_WHAT THIS TASK INVOLVES_
Look in the material below for the line holding "New without tags". Set it down exactly, with each later line up to and including the line holding "当洗面台搭配软膜天花同期出现".

_SOURCE MATERIAL_
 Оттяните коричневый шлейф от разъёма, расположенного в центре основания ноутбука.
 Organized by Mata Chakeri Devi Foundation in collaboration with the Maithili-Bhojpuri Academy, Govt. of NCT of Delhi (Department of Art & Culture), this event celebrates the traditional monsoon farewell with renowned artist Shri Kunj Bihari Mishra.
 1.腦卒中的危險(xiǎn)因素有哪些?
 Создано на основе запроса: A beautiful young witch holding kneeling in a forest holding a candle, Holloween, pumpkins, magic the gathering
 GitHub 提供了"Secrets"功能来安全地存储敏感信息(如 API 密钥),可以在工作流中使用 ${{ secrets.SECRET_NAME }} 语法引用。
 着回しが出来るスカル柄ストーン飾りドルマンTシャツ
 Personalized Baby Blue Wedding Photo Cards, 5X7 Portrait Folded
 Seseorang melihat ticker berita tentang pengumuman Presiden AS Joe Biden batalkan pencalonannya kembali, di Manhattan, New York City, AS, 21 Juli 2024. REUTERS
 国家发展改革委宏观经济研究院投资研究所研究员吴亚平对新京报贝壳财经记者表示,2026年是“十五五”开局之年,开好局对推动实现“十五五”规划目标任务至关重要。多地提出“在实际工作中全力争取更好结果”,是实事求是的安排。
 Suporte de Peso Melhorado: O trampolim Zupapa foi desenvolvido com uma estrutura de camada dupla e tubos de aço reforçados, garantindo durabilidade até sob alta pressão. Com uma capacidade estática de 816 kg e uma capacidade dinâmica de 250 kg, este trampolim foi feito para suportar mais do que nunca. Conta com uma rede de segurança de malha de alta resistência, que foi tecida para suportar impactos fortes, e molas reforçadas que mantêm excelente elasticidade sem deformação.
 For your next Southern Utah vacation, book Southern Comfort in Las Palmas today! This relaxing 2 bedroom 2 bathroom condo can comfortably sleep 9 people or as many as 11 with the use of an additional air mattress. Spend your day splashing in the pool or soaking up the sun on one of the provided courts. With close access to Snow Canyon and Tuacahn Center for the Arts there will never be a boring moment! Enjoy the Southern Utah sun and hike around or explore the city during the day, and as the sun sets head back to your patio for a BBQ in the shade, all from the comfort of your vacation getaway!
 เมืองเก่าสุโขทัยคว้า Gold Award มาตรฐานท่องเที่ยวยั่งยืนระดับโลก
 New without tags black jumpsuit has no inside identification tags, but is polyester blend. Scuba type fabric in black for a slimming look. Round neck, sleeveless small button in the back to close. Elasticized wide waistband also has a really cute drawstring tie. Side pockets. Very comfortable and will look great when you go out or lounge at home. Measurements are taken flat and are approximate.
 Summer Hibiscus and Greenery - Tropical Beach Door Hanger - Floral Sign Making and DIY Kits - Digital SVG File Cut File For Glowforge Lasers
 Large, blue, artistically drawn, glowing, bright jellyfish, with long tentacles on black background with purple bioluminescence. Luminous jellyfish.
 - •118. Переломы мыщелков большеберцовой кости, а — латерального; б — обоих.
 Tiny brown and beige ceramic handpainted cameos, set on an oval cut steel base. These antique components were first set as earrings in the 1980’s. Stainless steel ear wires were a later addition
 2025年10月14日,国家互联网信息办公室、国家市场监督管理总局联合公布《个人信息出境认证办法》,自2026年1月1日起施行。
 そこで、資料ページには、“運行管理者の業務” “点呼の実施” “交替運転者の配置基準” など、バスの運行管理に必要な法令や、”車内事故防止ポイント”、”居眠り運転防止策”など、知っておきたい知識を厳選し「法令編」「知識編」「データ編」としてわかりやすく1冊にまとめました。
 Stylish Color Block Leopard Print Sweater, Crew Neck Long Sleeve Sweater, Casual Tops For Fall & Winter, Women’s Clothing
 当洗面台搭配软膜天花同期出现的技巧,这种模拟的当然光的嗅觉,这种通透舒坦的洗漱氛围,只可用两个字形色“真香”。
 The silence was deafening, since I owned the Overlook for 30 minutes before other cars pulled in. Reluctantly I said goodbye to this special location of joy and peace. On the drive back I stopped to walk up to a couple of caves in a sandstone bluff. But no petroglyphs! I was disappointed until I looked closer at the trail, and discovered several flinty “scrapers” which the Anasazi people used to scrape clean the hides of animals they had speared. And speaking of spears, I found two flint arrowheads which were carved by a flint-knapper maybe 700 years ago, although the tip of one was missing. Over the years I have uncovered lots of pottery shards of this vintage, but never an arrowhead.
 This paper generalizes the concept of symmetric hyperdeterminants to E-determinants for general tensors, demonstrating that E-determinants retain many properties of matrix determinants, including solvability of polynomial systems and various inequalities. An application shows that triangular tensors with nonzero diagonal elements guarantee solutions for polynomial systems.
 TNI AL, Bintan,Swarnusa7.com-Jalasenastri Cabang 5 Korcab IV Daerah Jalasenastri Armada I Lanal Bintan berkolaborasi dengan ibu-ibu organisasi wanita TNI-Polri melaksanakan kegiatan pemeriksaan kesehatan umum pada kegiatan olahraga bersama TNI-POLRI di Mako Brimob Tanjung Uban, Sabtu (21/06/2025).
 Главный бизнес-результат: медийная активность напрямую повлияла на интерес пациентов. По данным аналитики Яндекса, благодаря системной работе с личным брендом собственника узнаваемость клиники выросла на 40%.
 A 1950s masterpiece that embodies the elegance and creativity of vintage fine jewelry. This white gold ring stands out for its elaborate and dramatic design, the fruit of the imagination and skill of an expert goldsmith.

_SOLUTION_
 New without tags black jumpsuit has no inside identification tags, but is polyester blend. Scuba type fabric in black for a slimming look. Round neck, sleeveless small button in the back to close. Elasticized wide waistband also has a really cute drawstring tie. Side pockets. Very comfortable and will look great when you go out or lounge at home. Measurements are taken flat and are approximate.
 Summer Hibiscus and Greenery - Tropical Beach Door Hanger - Floral Sign Making and DIY Kits - Digital SVG File Cut File For Glowforge Lasers
 Large, blue, artistically drawn, glowing, bright jellyfish, with long tentacles on black background with purple bioluminescence. Luminous jellyfish.
 - •118. Переломы мыщелков большеберцовой кости, а — латерального; б — обоих.
 Tiny brown and beige ceramic handpainted cameos, set on an oval cut steel base. These antique components were first set as earrings in the 1980’s. Stainless steel ear wires were a later addition
 2025年10月14日,国家互联网信息办公室、国家市场监督管理总局联合公布《个人信息出境认证办法》,自2026年1月1日起施行。
 そこで、資料ページには、“運行管理者の業務” “点呼の実施” “交替運転者の配置基準” など、バスの運行管理に必要な法令や、”車内事故防止ポイント”、”居眠り運転防止策”など、知っておきたい知識を厳選し「法令編」「知識編」「データ編」としてわかりやすく1冊にまとめました。
 Stylish Color Block Leopard Print Sweater, Crew Neck Long Sleeve Sweater, Casual Tops For Fall & Winter, Women’s Clothing
 当洗面台搭配软膜天花同期出现的技巧,这种模拟的当然光的嗅觉,这种通透舒坦的洗漱氛围,只可用两个字形色“真香”。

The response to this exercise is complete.